Beginning teachers are not expected to know it all. Administrators understand that you are learning and growing. They do not expect you to have everything perfectly under control. Your first years as a teacher are formative. You will try new things, identify systems and processes that work for you, and, in all likelihood, you will fail a few times along the way. The trick is to fail forward. Every apparent failure is an opportunity for improvement.

Teaching is an occupation that is largely grounded in relationships. Seek to develop professional trust with the members of your administrative team. Talk with them about their expectations during classroom visits and carefully review your district’s observation and evaluation instruments. Invite your principal to observe a dynamic lesson or a special project that your students are presenting, then ask for feedback. The more familiar you are with how you are being assessed, and the more comfortable you are with having your principal in your classroom, the greater sense of ease you will feel on observation day.

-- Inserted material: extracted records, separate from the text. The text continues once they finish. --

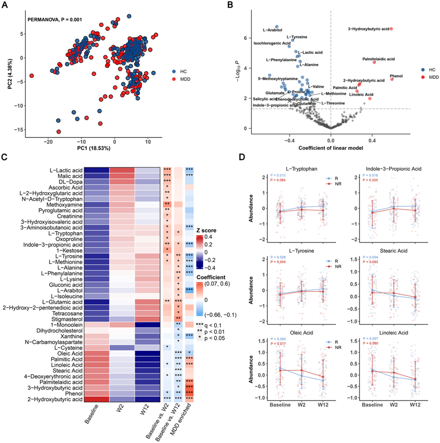 (A) 基于血浆代谢组学特征的主成分分析 (PCA) 显示 MDD 患者和 HC 患者的血浆代谢特征之间存在显著差异。(B) MDD 患者和 HC 之间代谢物水平差异回归系数的火山图。(C) 热图显示 41 种血浆代谢物的平均丰度,根据线性混合模型 (LMM) 确定。(D) 6 种血浆代谢物的纵向变化,表现出 R 组和 NR 组之间的差异趋势。
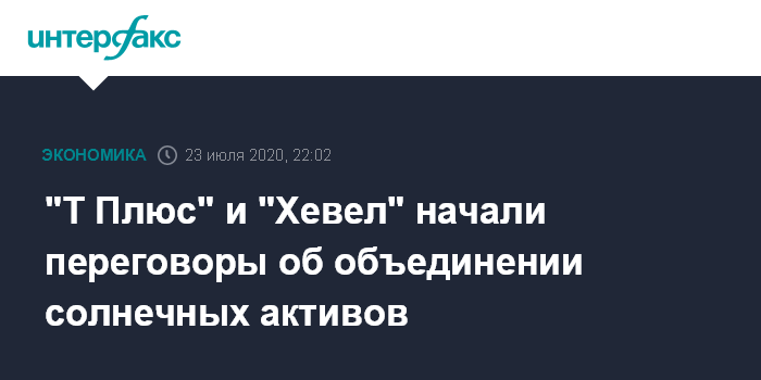 Москва. 23 июля. INTERFAX.RU - ПАО "Т Плюс" и ГК "Хевел" ведут переговоры об объединении активов обеих компаний в сфере солнечной энергетики. Об этом рассказал "Интерфаксу" источник, знакомый с ходом переговоров.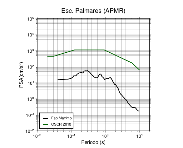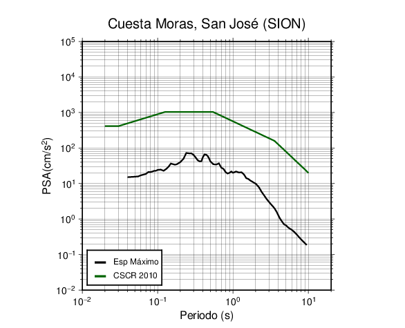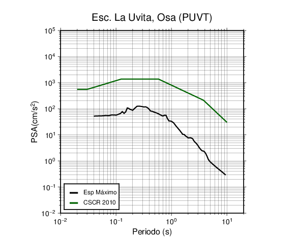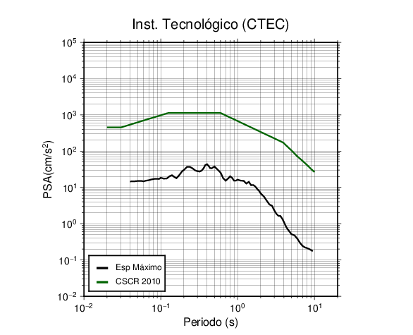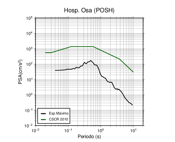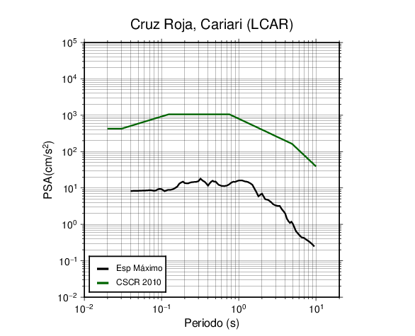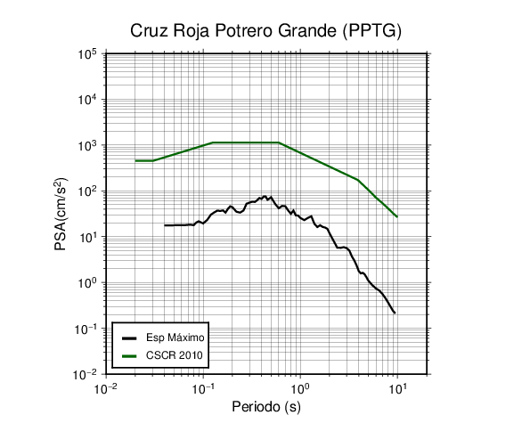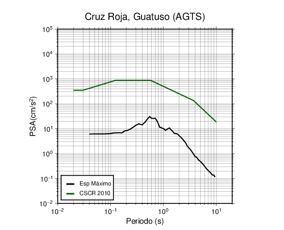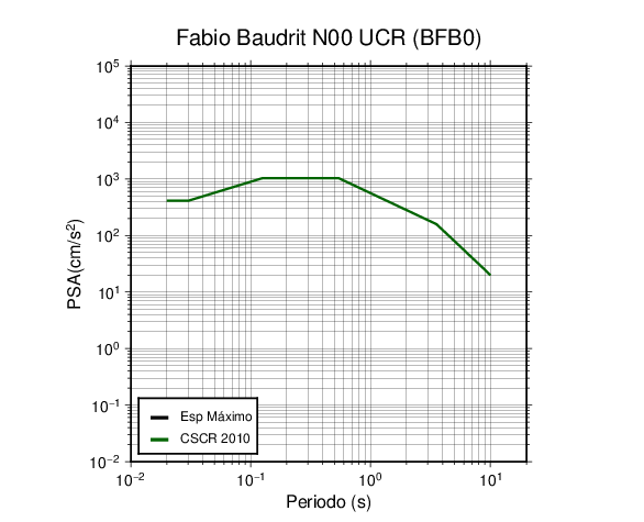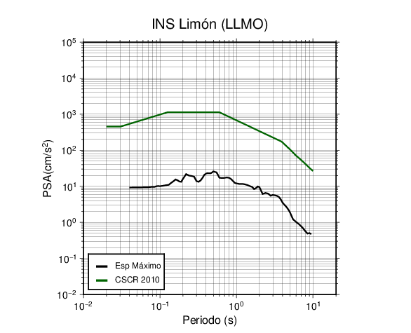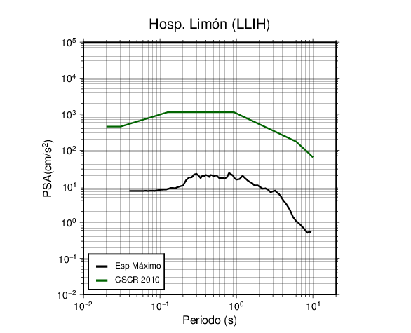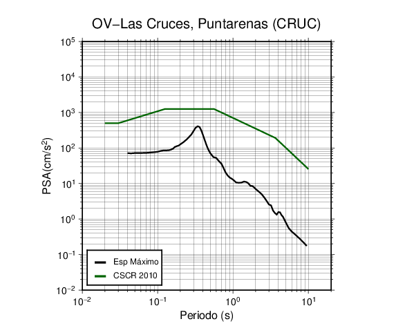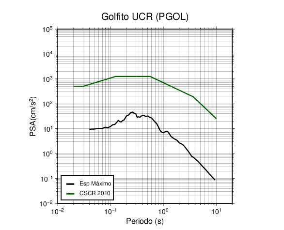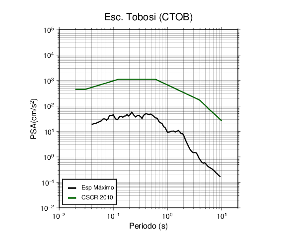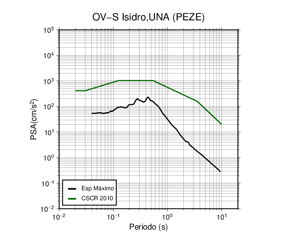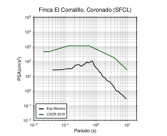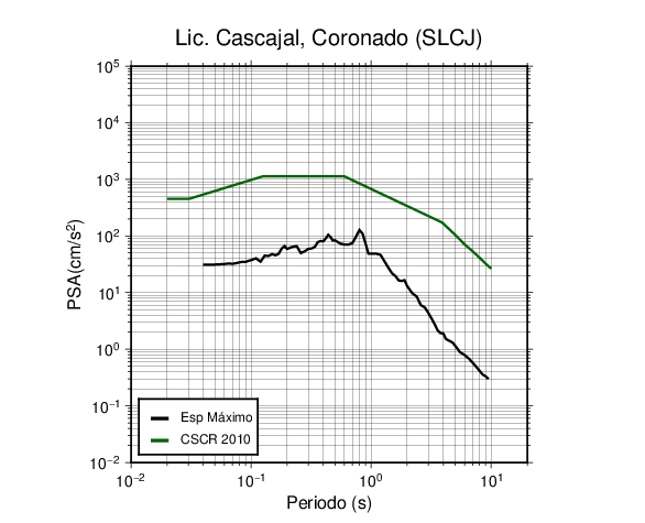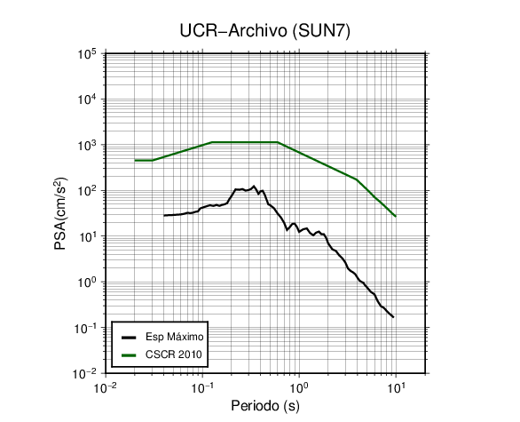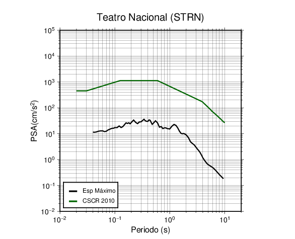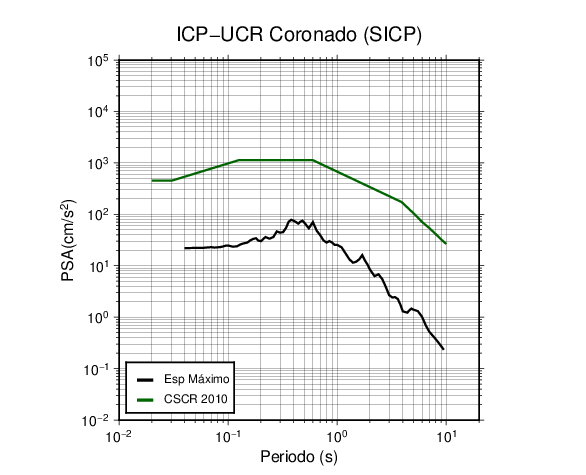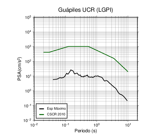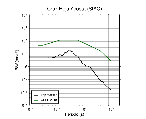En los siguientes gráficos, la traza verde es el espectro propuesto por el CSCR-2010, la traza negra es el espectro máximo de este sismo. El valor de la amplitud está dado en pseudoaceleración en cm/s2.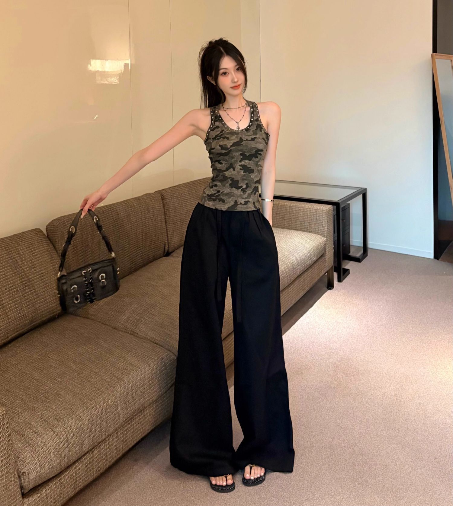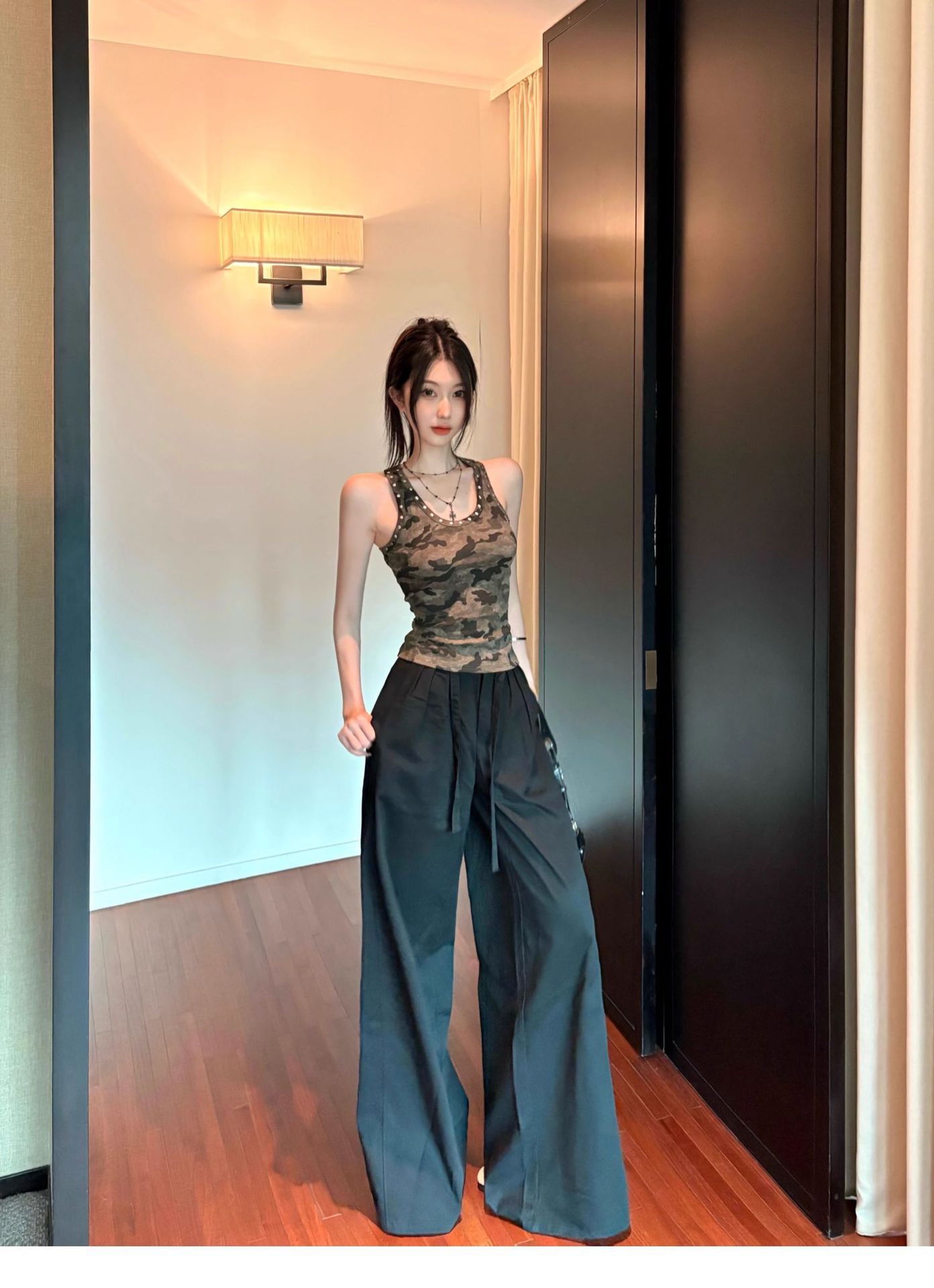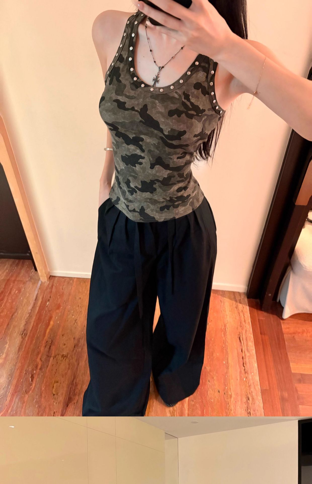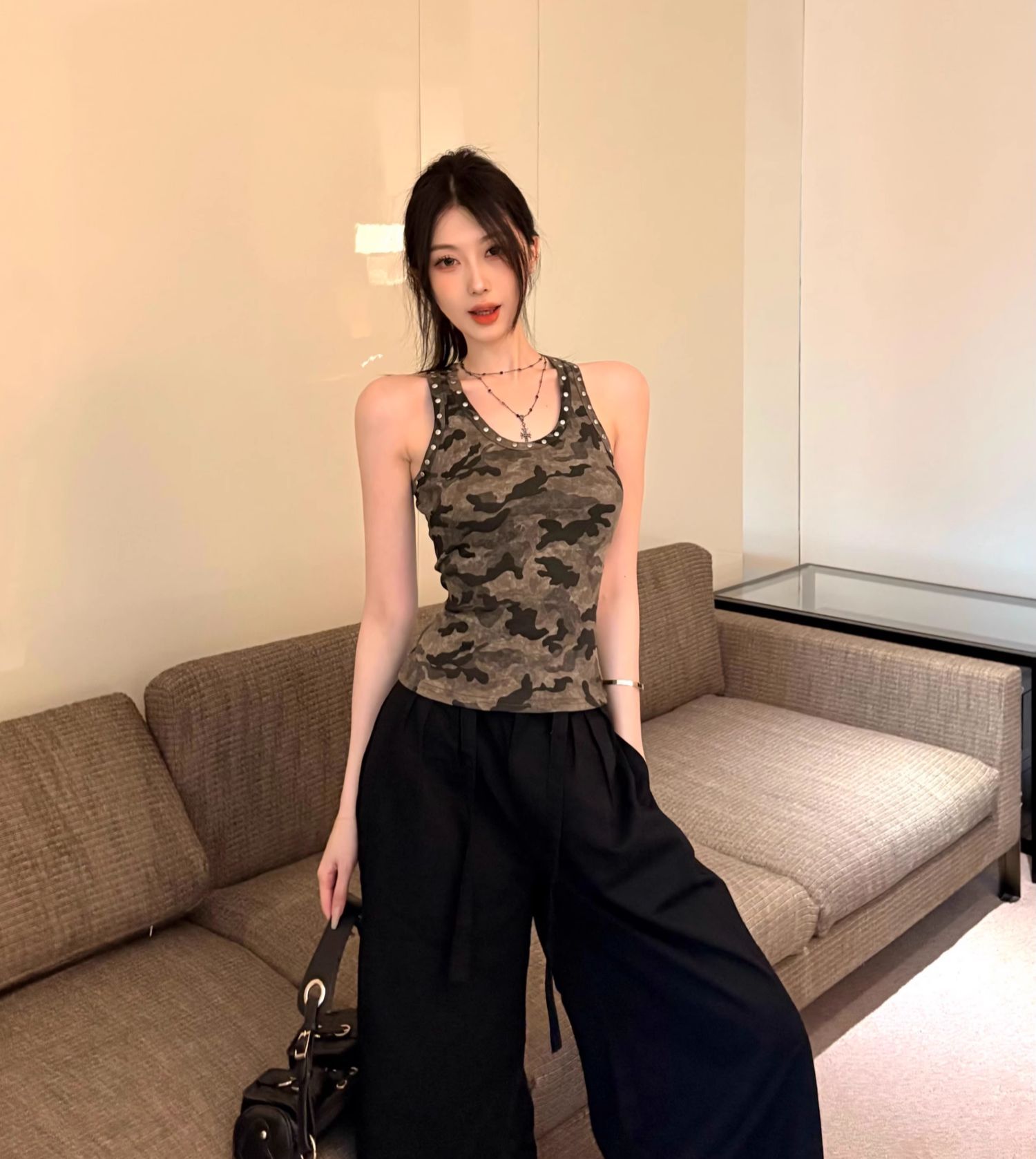 아메리칸 스위트 쿨 핫 걸 헤비 듀티 리벳 카모플라주 캐미솔 여성 여름 아우터 민소매 U 넥 워크웨어 탑

You are not responsible for the actions of your students; you are responsible for how you respond to the actions of your students. This simple mindset shift can be especially freeing for new teachers. It is your job to establish routines and procedures that set all students up for success. Even in the best managed classrooms, students have the power of choice, and sometimes they choose poorly. Those poor choices may occur during an observation. Administrators are far more interested in how you handle the disruptions created by students’ poor choices than about the choices themselves. Remain calm, address the situation with as little interference to instruction as possible, and move on. This business-like response exhibits professional confidence and showcases your strong classroom managerial skills.

Your administrators want you to do well; they are looking for positives when they watch you teach. Your principal and assistant principals were once classroom teachers, too. They understand the demands of the job, and they are eager to support you as you develop into a master teacher. Administrators also have a vested interest in your performance because your work directly impacts student achievement. By investing in your development, they are ultimately investing in their students.

Putting observations and evaluations into proper perspective can minimize the anxiety you may feel on observation day. Think about observations as the equivalent of formative assessments. They are intended to assess present levels of performance, identify areas for growth, and guide your professional learning. Think of your year-end evaluation as a summary assessment, not unlike a culminating test or project that you might assign at the end of the year. Just as teachers utilize all of the data available to them to determine students’ final grades, administrators consider numerous data points such as classroom observations, professional conversations, student performance, and teachers’ progress toward accomplishing their professional growth goals when making evaluation decisions. Growth is always the goal!

Regardless of your experience level, observations and evaluations can create a sense of anxiety which may be more pronounced because the process is unfamiliar. By developing positive lines of communication with your administrators, establishing a clear set of expectations related to classroom observations, and focusing on quality instruction that is best for students, you can navigate the evaluation process with confidence.